Asterix in Britain () is a French animated film, written by Pierre Tchernia, produced by Dargaud Films and Les Productions René Goscinny, and released in December 1986. The film is the fifth adaptation of a story from the Asterix comic series, and is based upon the plot from the graphic novel of the same name by René Goscinny and Albert Uderzo. The film's plot focuses on Asterix and Obelix transporting a barrel of Magic Potion to a rebel village of Britons, as they attempt to hold out against the Romans.  The original French release starred Roger Carel and Pierre Tornade in the lead roles, while the English release starred Jack Beaber and Billy Kearns.

Plot
Julius Caesar successfully conquers all of Britain, unaware his men know that one rebel village still holds. Sensing his chief does not have much hope of lasting much longer, Anticlimax decides to travel to Gaul and find his cousin Asterix, in order to secure some of the Magic potion that his village uses to hold back the Romans. The druid Getafix obliges to the request to supply a barrel of potion to help, upon his arrival, with Vitalstatistix assigning Asterix and Obelix, accompanied by Dogmatix, to transport it to Britain. While travelling across the English Channel, the group rescue a Phoenician merchant from pirates, who rewards Asterix with a small bag of mysterious herbs for their assistance. As they resume, the group encounter a Roman galley, much to Obelix's delight - due to missing them in recent weeks - and board it to satisfy his need for a fight.

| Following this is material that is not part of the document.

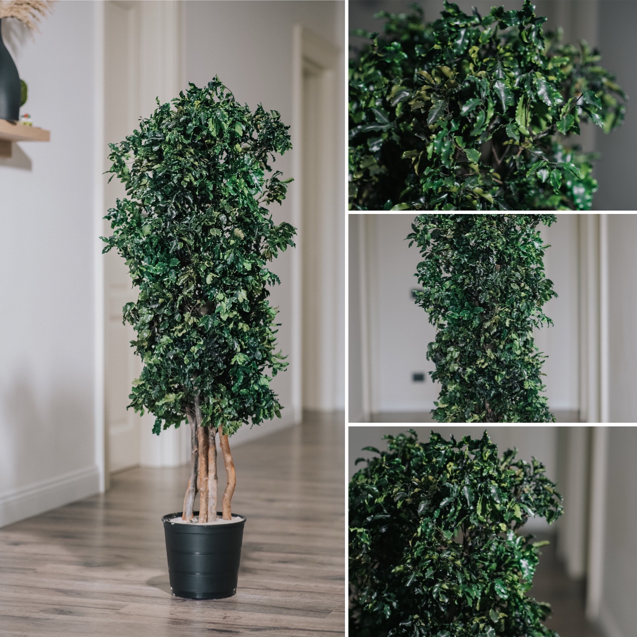 Arborele Pitosporum stabilizat este ideal pentru decorarea interioarelor elegante, fie că vorbim despre spații rezidențiale, birouri sau zone de recepție. Frunzele sale dense, lucioase și structura verticală echilibrată oferă un aer sofisticat și bine definit oricărui colț de cameră.

Unknown to the group as they reach the British shoreline, Roman officer Stratocumulus, a passenger on the galley who was returning to Gaul, overhears Obelix unintentionally state their mission following the fight. Returning to Londinium swiftly, he warns the head of the British Roman command, headed by General Motus, of the situation. The group soon find the Romans on high alert for them, and are forced to hide out in an inn belonging to Gaulix, a native from Gaul. However, Motus orders all wine barrels in the city to be confiscated upon learning the group have arrived in Londinium, causing them to lose their barrel of magic potion along with Gaulix's supply of wine. Although they manage to recover it the following day, thanks to a Roman legion getting drunk trying to taste for the magic potion, Obelix gets drunk and waylays a Roman patrol while they escape with Gaulix's barrels, allowing a thief to steal them.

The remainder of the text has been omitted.